An interactive Streamlit dashboard for analyzing US domestic flight delays with machine learning predictions.
- Delay Analysis: Comprehensive breakdown of delay types and causes
- Time Analysis: Temporal patterns in flight volumes and delays
- Airline Analysis: Performance metrics by carrier
- Airport Analysis: On-time performance by airport
- Deep Dive (EDA): Exploratory data analysis with detailed insights
- ML Prediction: Interactive flight delay probability prediction
- About: Complete data science lifecycle documentation
- Clone the repository or download the files
- Install dependencies:
pip install -r requirements.txtThe dataset contains 5.8 million US domestic flight records from 2015, sourced from the US Department of Transportation via Kaggle.
The dashboard uses optimized Parquet format for fast loading:
- Original: ~500MB CSV file
- Optimized: 74MB Parquet file (85% reduction)
If you have the original flights.csv, it will be loaded automatically. For better performance, convert it to Parquet format using the included script.

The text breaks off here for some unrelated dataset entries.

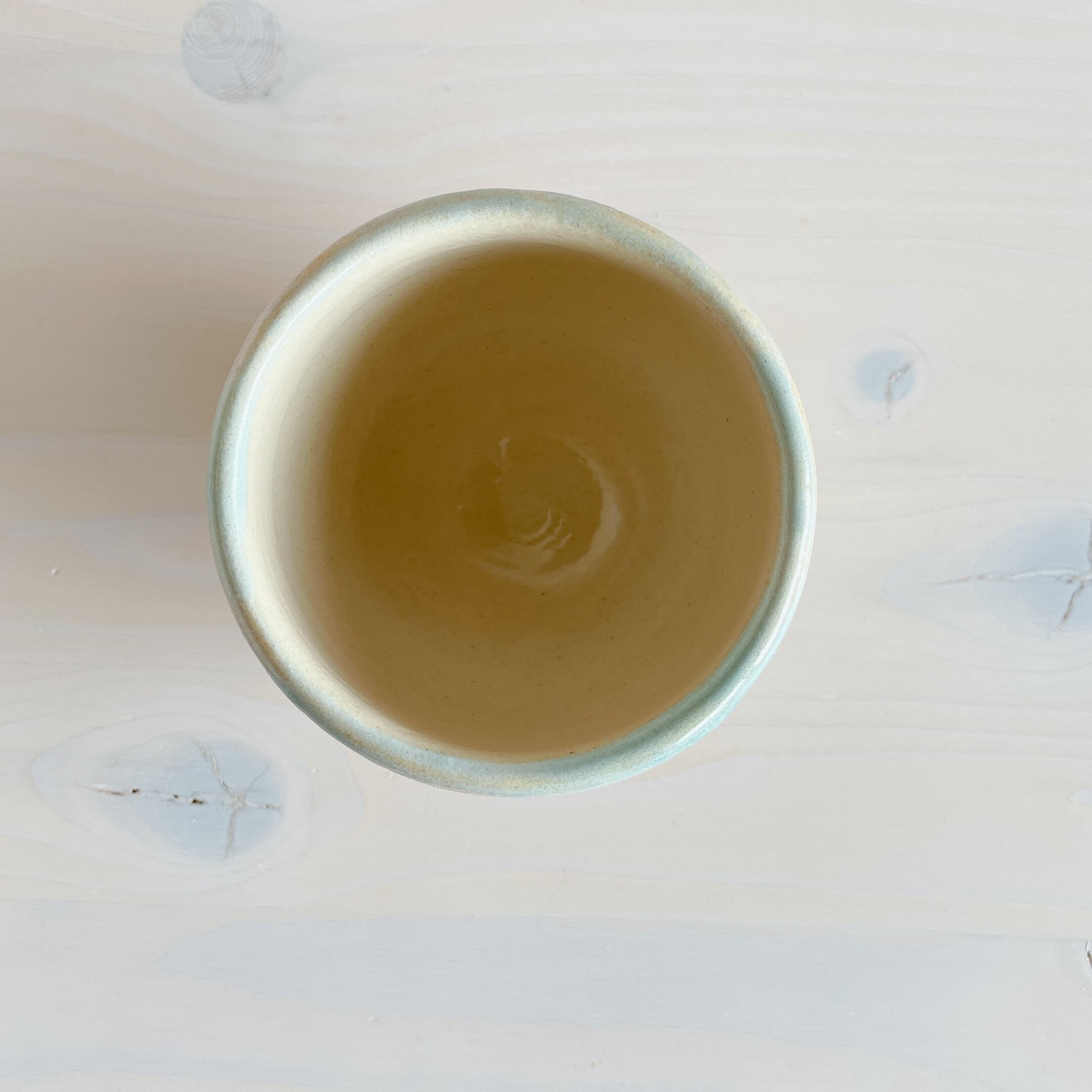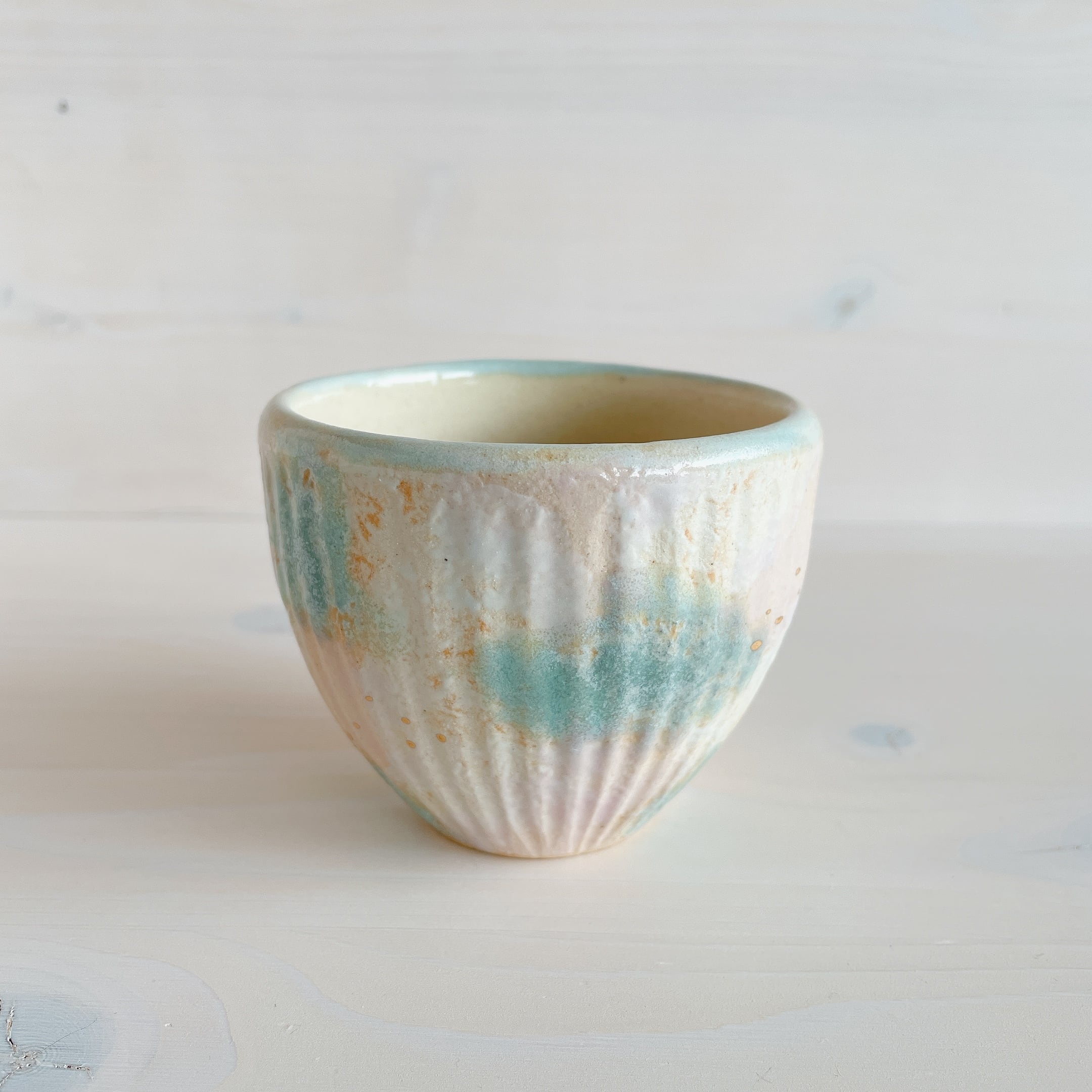 北中城村に工房を構える「sui」のフリーカップ。どんぐりのようにコロンとした形が可愛らしく、もちろん湯呑みとしてもお使い頂けます。柔らかなクリーム色をベースに、翡翠、白、ピンクの釉薬で彩っています。ところどころに、小さくゴールドが入っていてアクセントに。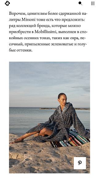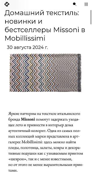 Впрочем, ценителям более сдержанной палитры Missoni тоже есть что предложить: ряд коллекций бренда, которые можно приобрести в Mobillissimi, выполнен в спокойных осенних тонах, таких как охра, песочный, припыленные зеленоватые и голубые оттенки.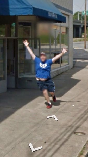 Imagine being in the picture of a google maps street view? It would be kind of scary to be gliding along and seeing this crazy guy coming at you.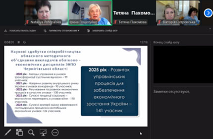 11 березня 2026 року, в режимі онлайн відбулося засідання Обласного методичного об’єднання викладачів обліково-економічних дисциплін закладів фахової передвищої освіти Чернігівської області, участь у якому взяли викладачі циклової комісії спеціальних економічних дисциплін Наталії Потопальської, Тетяни Романенко, Ірини Терещенко та Людмили Федоренко.
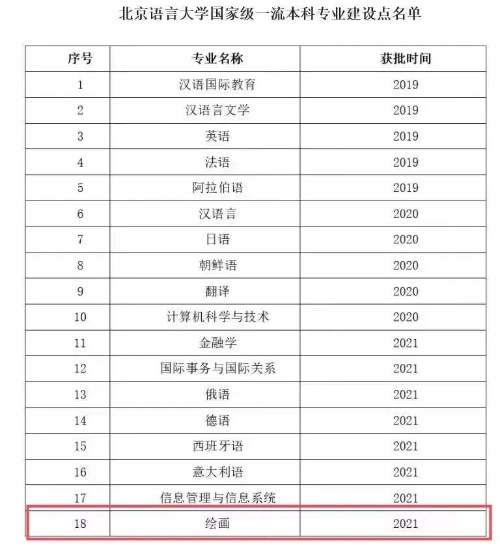 教育部办公厅近日公布了 2021 年度国家级和省级一流本科专业建设点名单,北语金融学、国际事务与国际关系、俄语、德语、西班牙语、意大利语、信息管理与信息系统、绘画8个专业入选国家级一流本科专业建设点。截至目前,北语共有18个专业获批国家级一流本科专业建设点。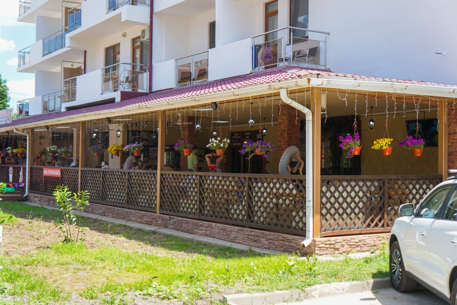 Рядом с ним расположены все основные объекты поселковой инфраструктуры. Прогулочная набережная поселка «Паралия» – место, где находятся аквапарк и Парк развлечений, дельфинарий, концертные площадки, местные рынки и магазины, рестораны и кафе.
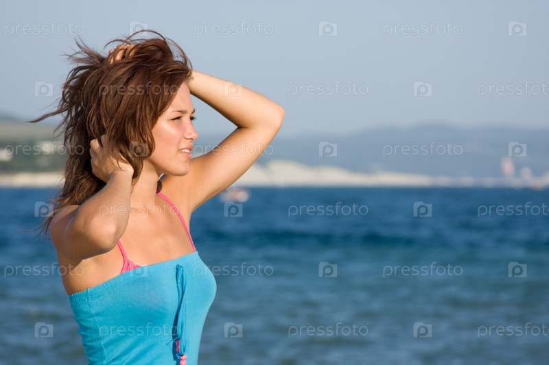 Молодая девушка позирует на берегу моря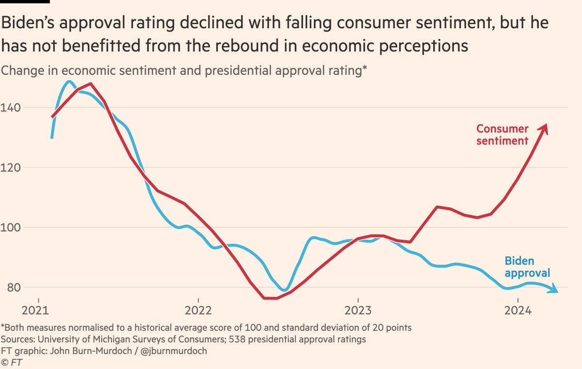 Biden’s approval ratings declined steeply alongside falling consumer sentiment, but as people’s perceptions of the economy have improved, his ratings have remained low.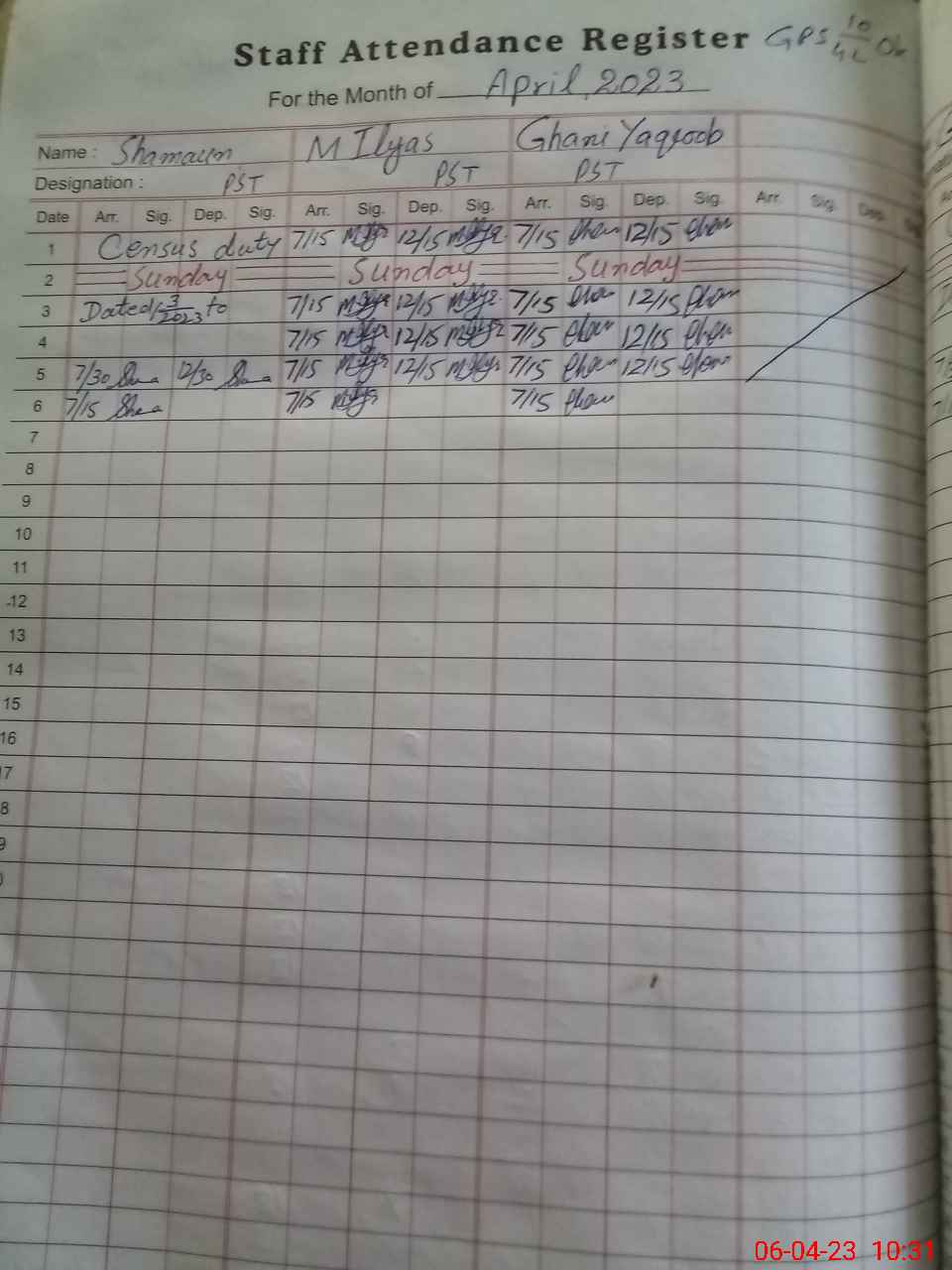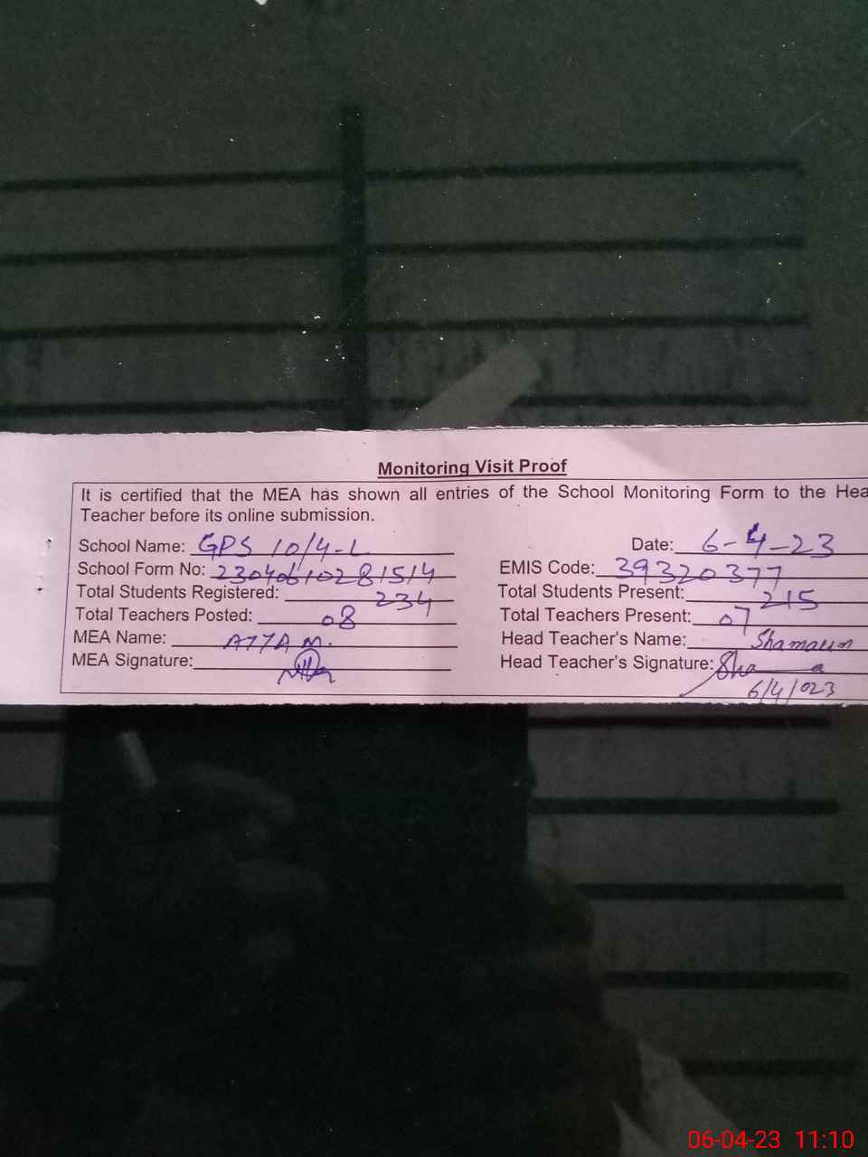 | Name: SH**** Designation: (School Headmaster's/Headmistress's) PST Phone/Cell Number: 03**** |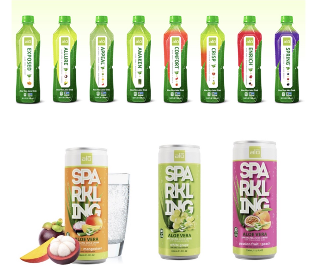 ALO’s Original line is available in such tantalizing varieties as Exposed (Original with Honey), Allure (Mango & Mangosteen), Comfort (Watermelon & Peach), Crisp (Fuji Apple & Pear), Appeal (Pomelo, Grapefruit, Lemon), Awaken (Wheatgrass), Enrich (Pomegranante & Cranberry), Spring (Mixed Berry), Blush (Strawberry) and Blue (Blueberry).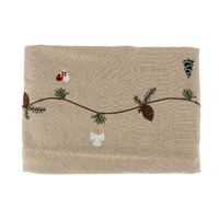 Juledug med broderi (140x270cm) tilføjer et elegant touch til din juledekoration. Denne smukt designede dug er perfekt til at skabe den rette stemning ved festlige måltider og samvær i juletiden. Broderiet, der pryder dugen, giver et særpræg af håndværk og kvalitet, hvilket gør den til et trofast indslag på spisebordet år efter år. Den generøse størrelse sikrer plads til både mad og dekorationer, og stoffet er nemt at vedligeholde, så du kan bruge mere tid på at nyde højtiden. Kombinationen af stil og funktion gør denne juledug til en uundgåelig del af dit interiør, der vil imponere dine gæster. Forvandl dit hjem til et festligt fristed med denne smukke juledug, der skaber varme minder og glæde omkring bordet. Gør din juledekoration fuldendt med dette skønne stykke interiør.

For faster dashboard loading, pre-train the model once:
python train_model.pyThis will:
- Train a Random Forest classifier on the flight data
- Evaluate the model and display metrics
- Save the trained model to
flight_delay_model.pkl
The dashboard will automatically load this pre-trained model for instant predictions.
If you don't pre-train the model, the dashboard will train it automatically on first load of the ML Prediction tab. This takes about 1-2 minutes but is cached for the session.
streamlit run app.pyThe dashboard will open in your browser at http://localhost:8501
├── app.py # Main Streamlit dashboard
├── utils.py # Data loading and ML utilities
├── train_model.py # Standalone model training script
├── flights.parquet # Optimized flight data
├── airlines.csv # Airline reference data
├── airports.csv # Airport reference data
├── requirements.txt # Python dependencies
└── README.md # This file
This project demonstrates a complete data science workflow:
- Problem Definition: Predict flight delay probability
- Data Collection: 5.8M flight records from US DOT via Kaggle
- Data Preprocessing: CSV to Parquet optimization, data cleaning
- EDA: Interactive visualizations across multiple dimensions
- Modeling: Random Forest classifier with 8 features
- Evaluation: Accuracy, Precision, Recall, F1-Score
- Deployment: Interactive Streamlit dashboard
- Algorithm: Random Forest Classifier
- Features: Airline, Origin/Destination Airports, Month, Day of Week, Day, Scheduled Departure, Distance
- Target: Binary classification (Delayed >15 min vs On-Time)
- Training: 80/20 train-test split with stratification
- Performance: See ML Prediction tab for live metrics
- Parquet Format: 85% size reduction with gzip compression
- Categorical Dtypes: Efficient memory usage for string columns
- Model Caching: Train once, use across sessions
- Pre-computed Metrics: Dashboard metrics calculated once and reused
- Parallel Processing: Multi-core Random Forest training
- Python 3.8+
- streamlit
- plotly
- pandas
- scikit-learn
This project is for educational purposes demonstrating data science best practices.